Available data:
________________________________________
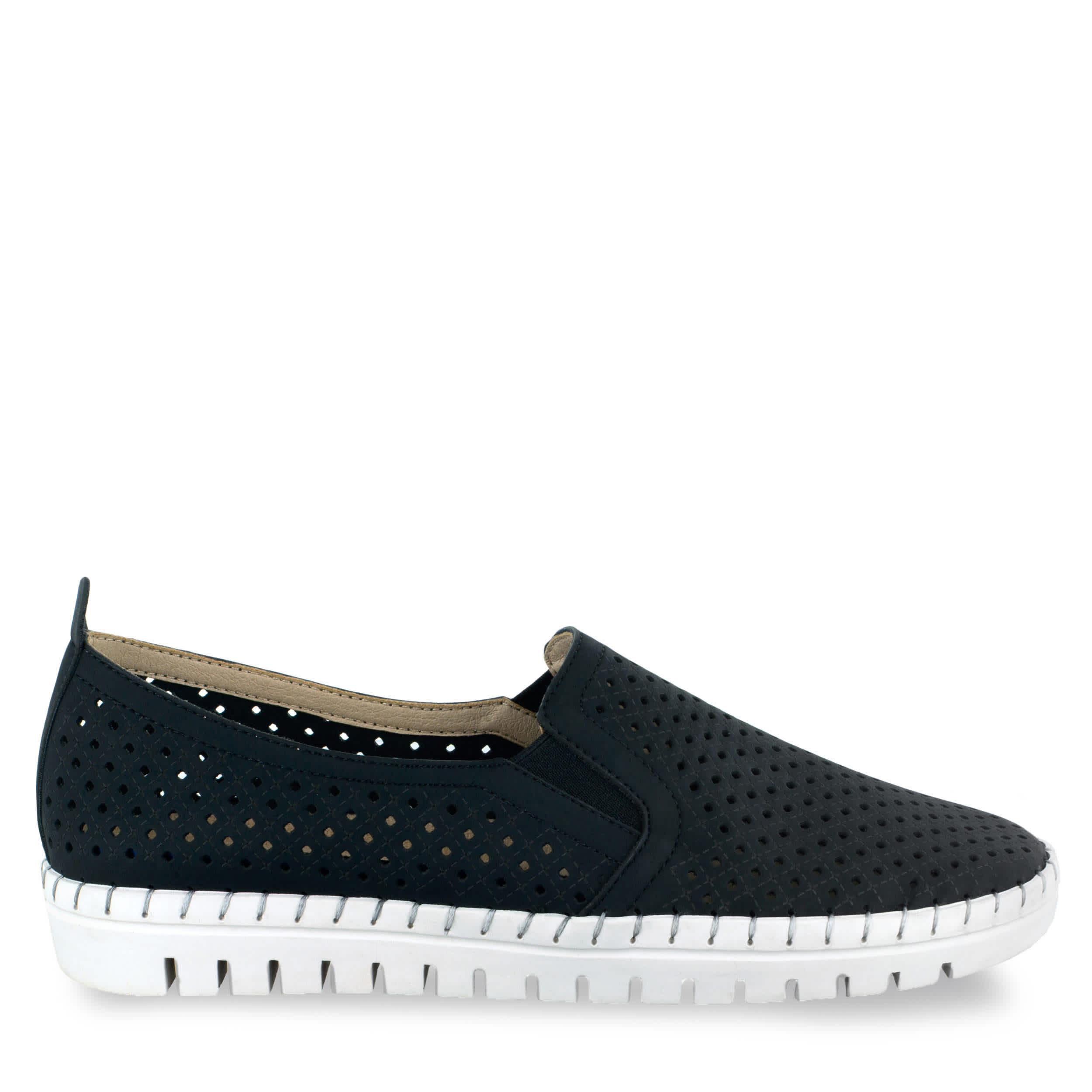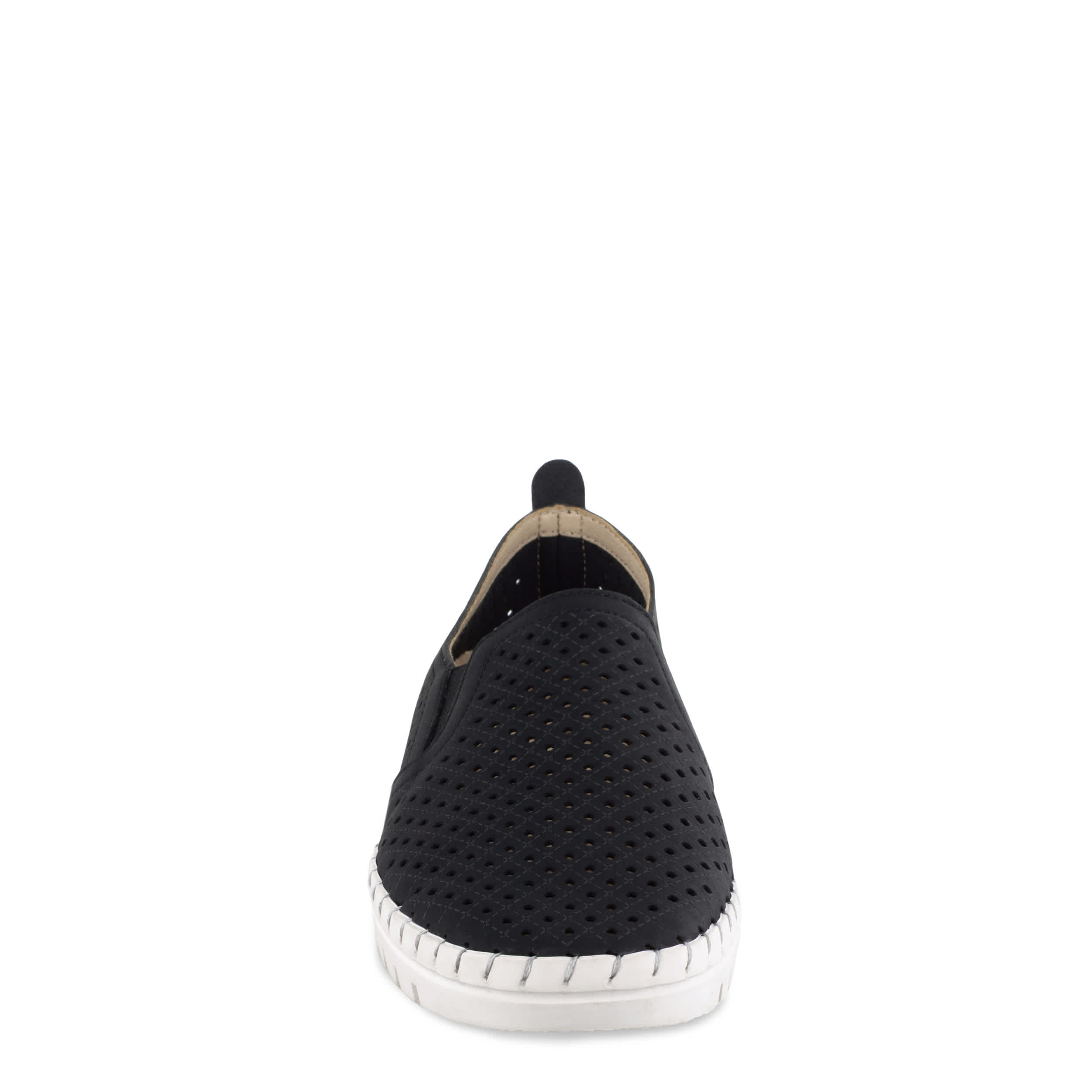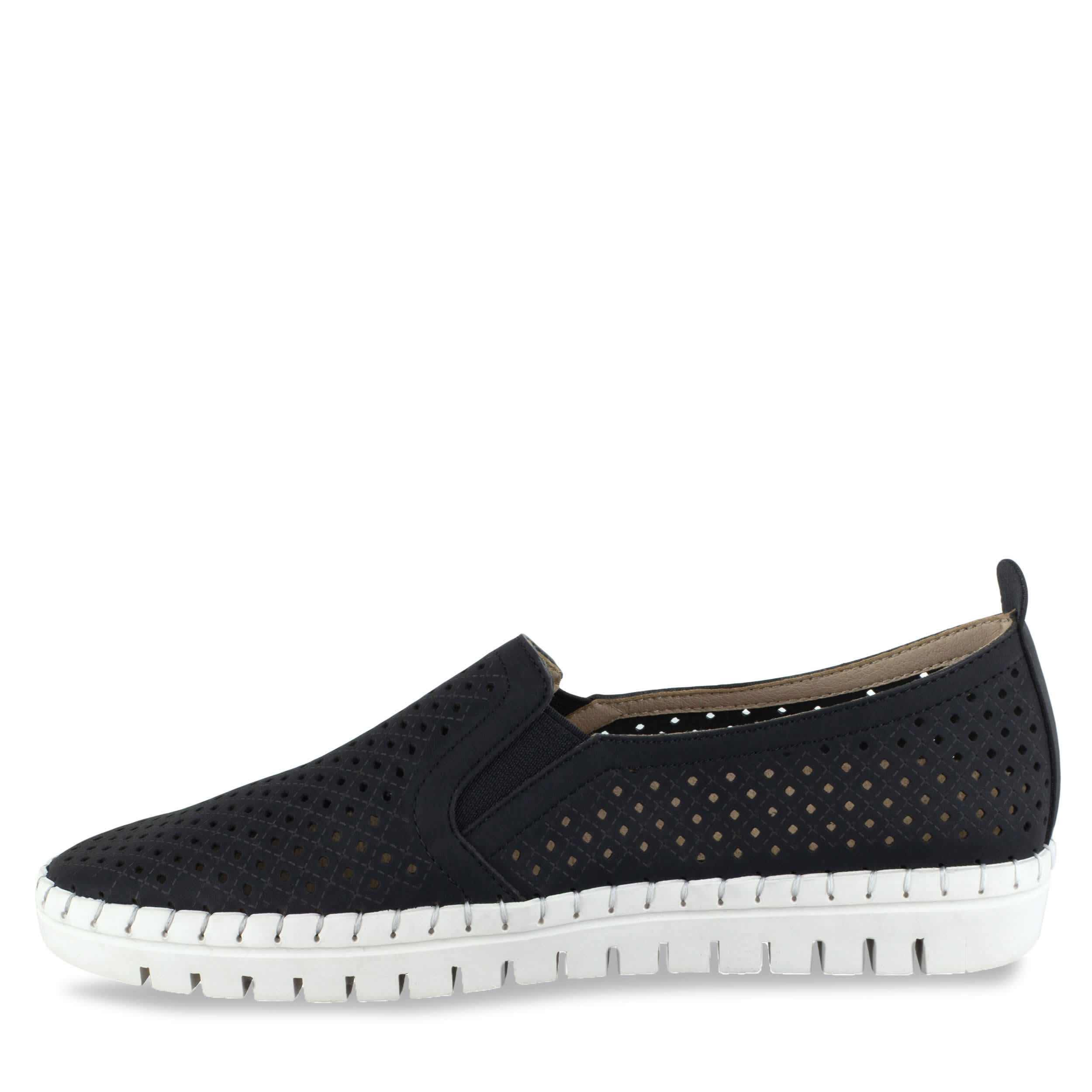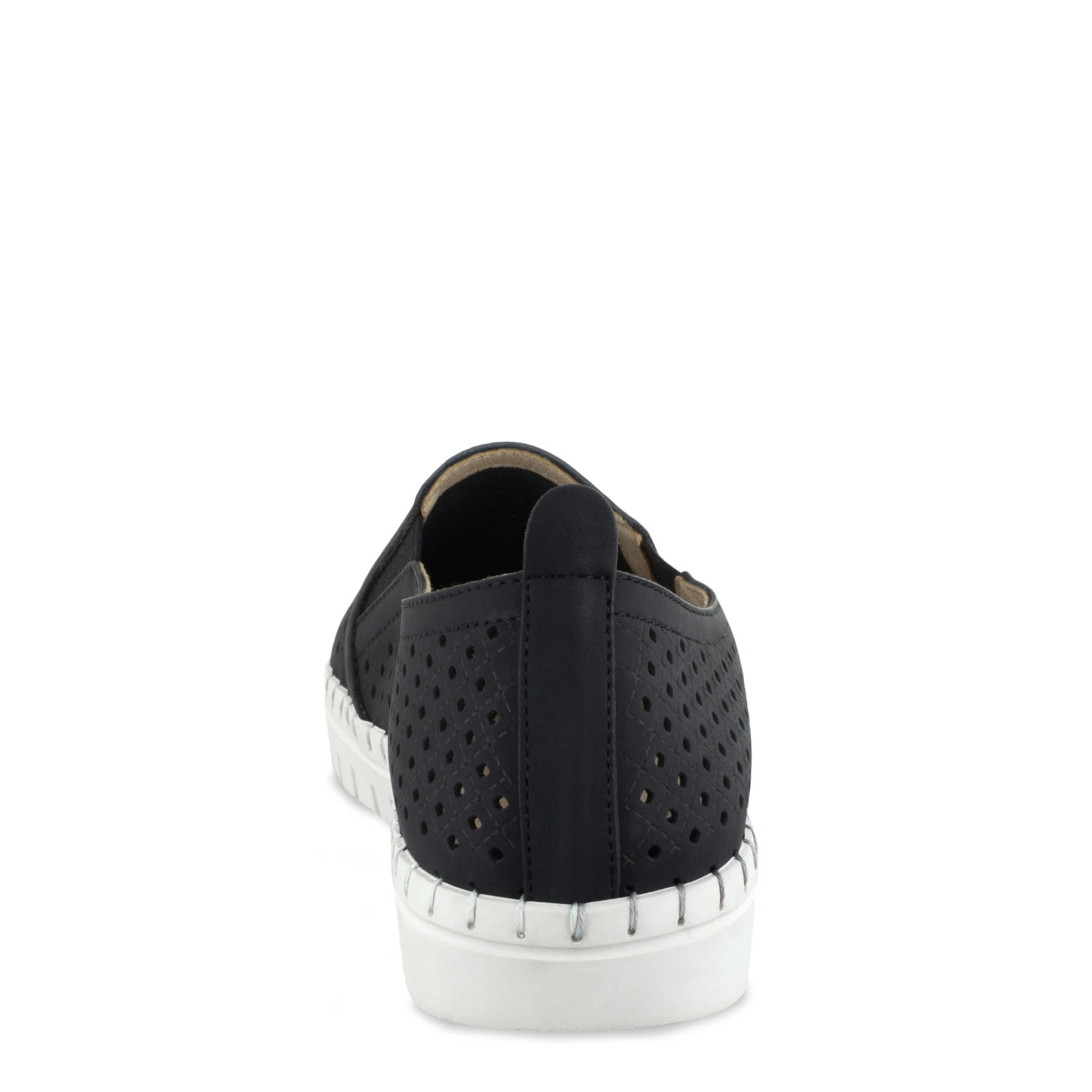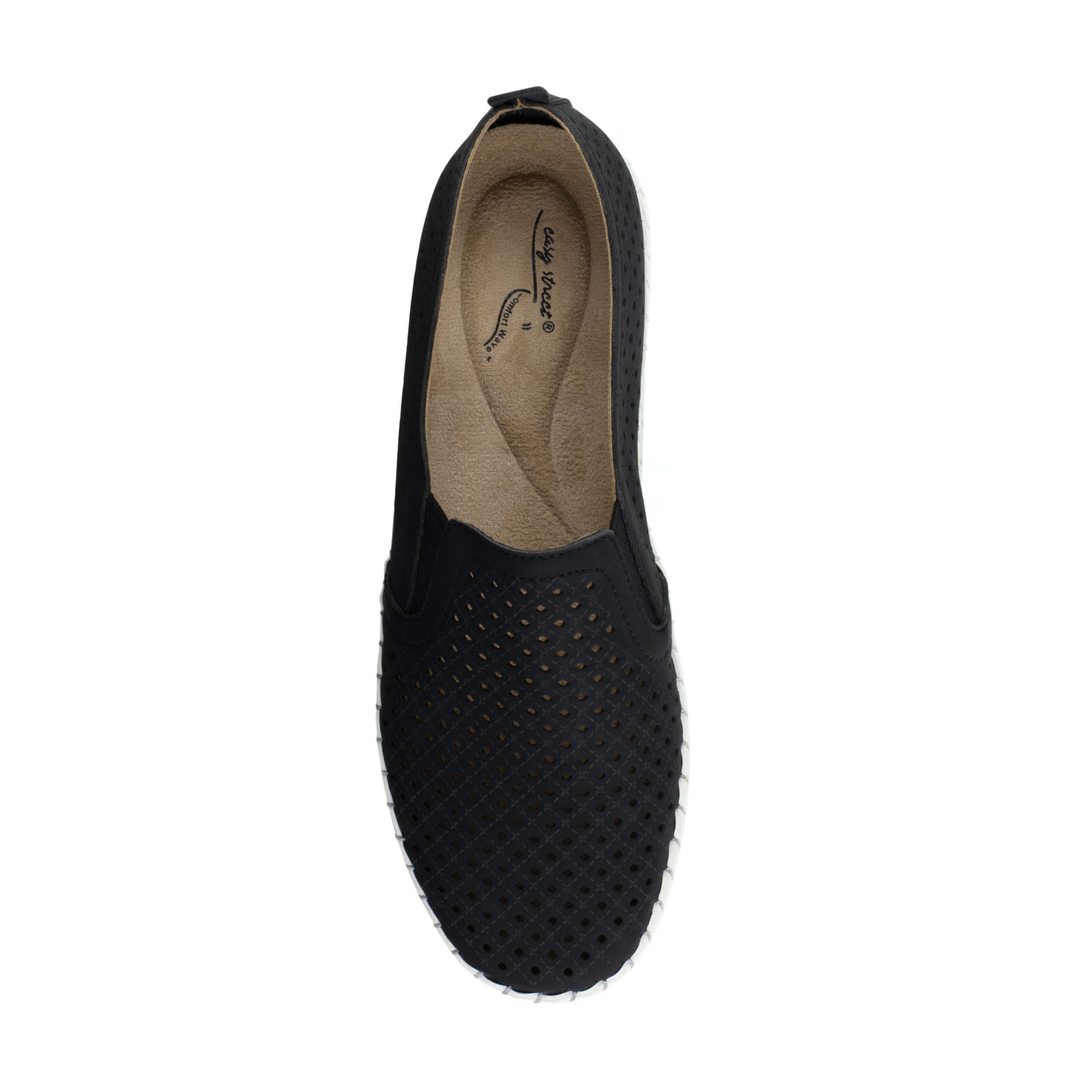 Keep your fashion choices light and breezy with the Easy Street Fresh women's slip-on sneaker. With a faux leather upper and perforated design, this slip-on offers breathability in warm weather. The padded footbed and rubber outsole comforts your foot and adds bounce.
________________________________________
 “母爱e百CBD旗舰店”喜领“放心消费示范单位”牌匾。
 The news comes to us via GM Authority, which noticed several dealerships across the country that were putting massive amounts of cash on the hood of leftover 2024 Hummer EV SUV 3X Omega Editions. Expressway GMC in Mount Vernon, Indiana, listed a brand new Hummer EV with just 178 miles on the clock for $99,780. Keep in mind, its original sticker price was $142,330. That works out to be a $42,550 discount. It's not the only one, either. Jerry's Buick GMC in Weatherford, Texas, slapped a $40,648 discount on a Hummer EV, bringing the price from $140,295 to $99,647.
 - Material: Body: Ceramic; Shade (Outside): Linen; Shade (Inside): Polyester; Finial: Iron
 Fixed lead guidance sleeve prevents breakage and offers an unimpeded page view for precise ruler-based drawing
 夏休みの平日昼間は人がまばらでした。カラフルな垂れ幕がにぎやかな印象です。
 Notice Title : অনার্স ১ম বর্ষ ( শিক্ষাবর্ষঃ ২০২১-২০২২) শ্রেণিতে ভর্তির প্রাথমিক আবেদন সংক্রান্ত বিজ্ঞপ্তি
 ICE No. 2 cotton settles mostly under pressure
________________________________________
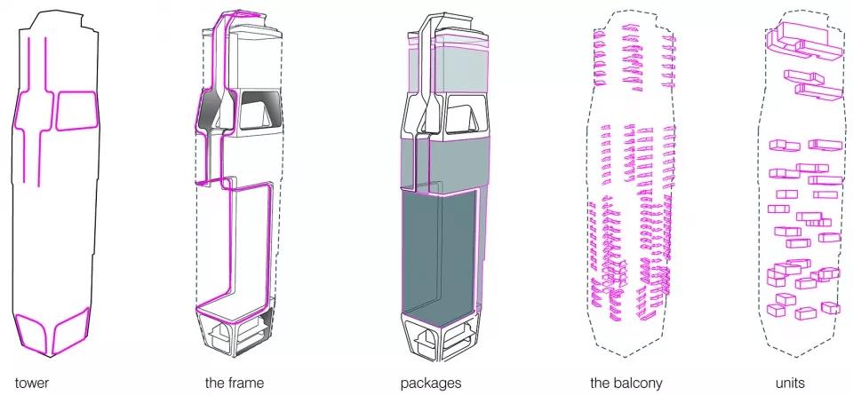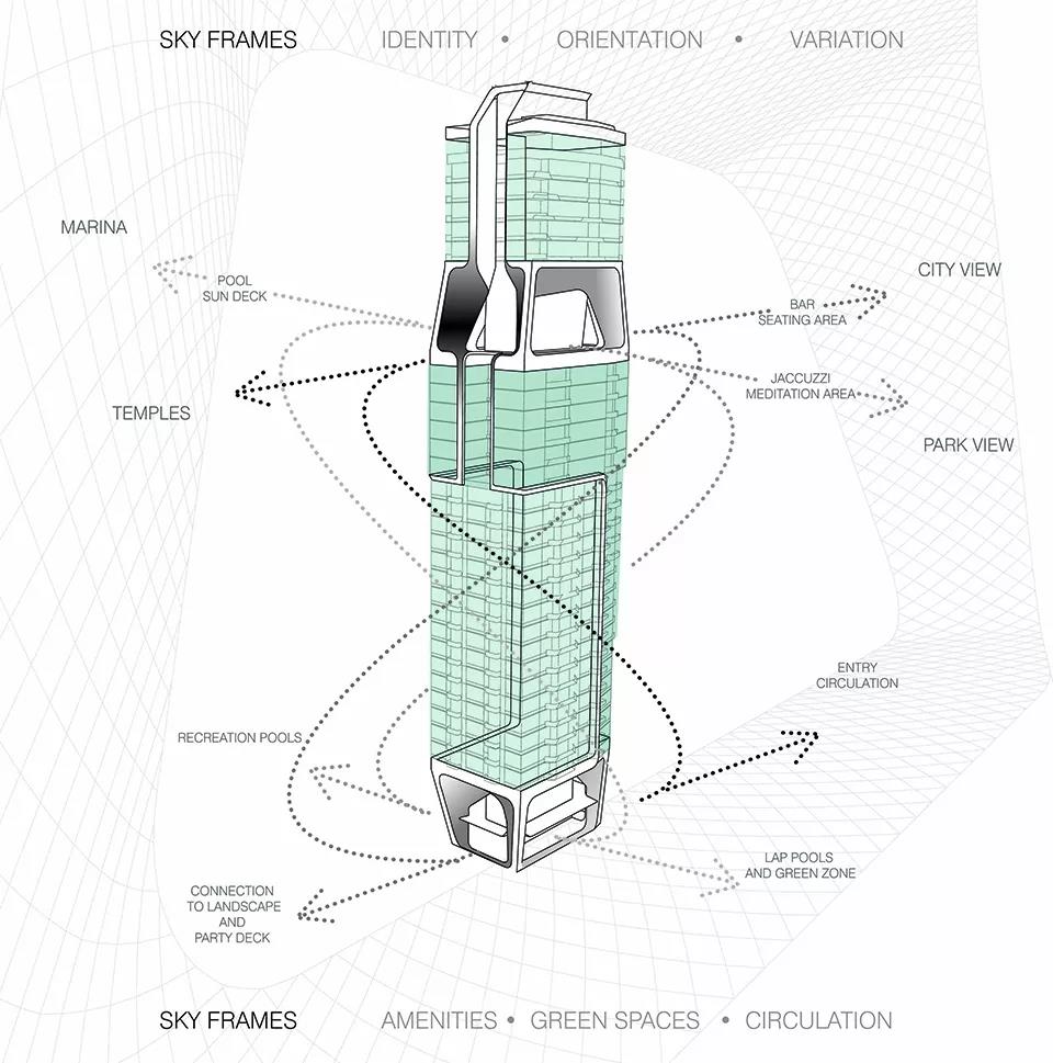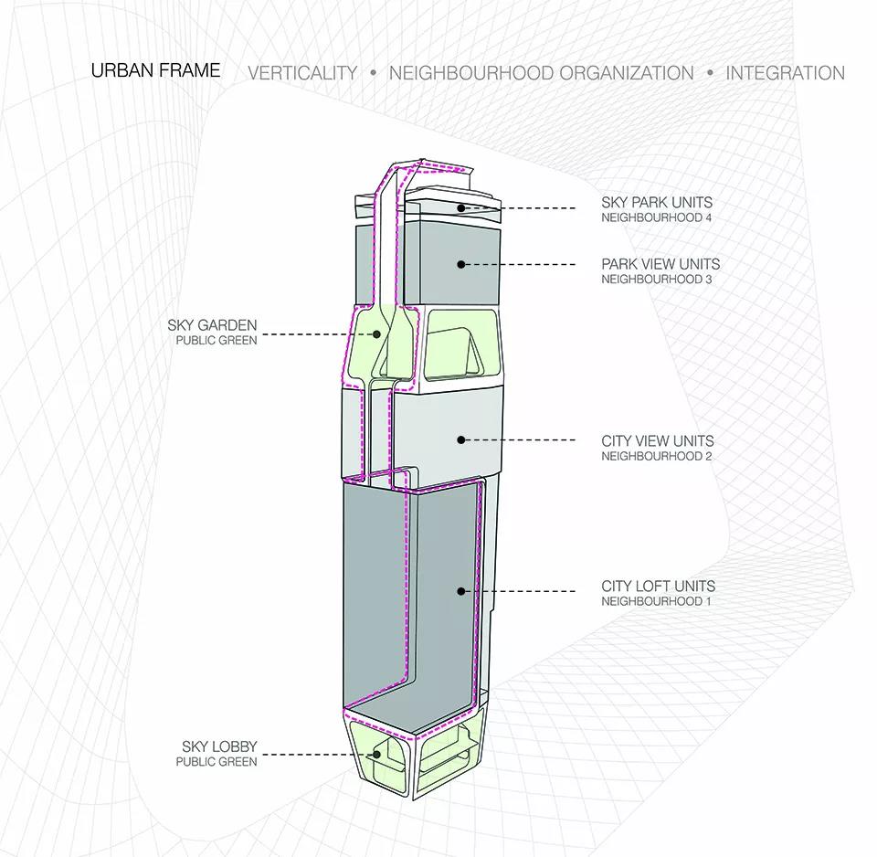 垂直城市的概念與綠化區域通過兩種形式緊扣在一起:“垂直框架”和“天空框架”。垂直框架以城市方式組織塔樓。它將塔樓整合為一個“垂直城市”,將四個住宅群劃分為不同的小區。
________________________________________
Task objective:
In the data above, retype exactly and only the lines between the one holding "Fixed lead guidance" and the one holding "ICE No. 2 cotton", inclusive.

Answer section:
 Fixed lead guidance sleeve prevents breakage and offers an unimpeded page view for precise ruler-based drawing
 夏休みの平日昼間は人がまばらでした。カラフルな垂れ幕がにぎやかな印象です。
 Notice Title : অনার্স ১ম বর্ষ ( শিক্ষাবর্ষঃ ২০২১-২০২২) শ্রেণিতে ভর্তির প্রাথমিক আবেদন সংক্রান্ত বিজ্ঞপ্তি
 ICE No. 2 cotton settles mostly under pressure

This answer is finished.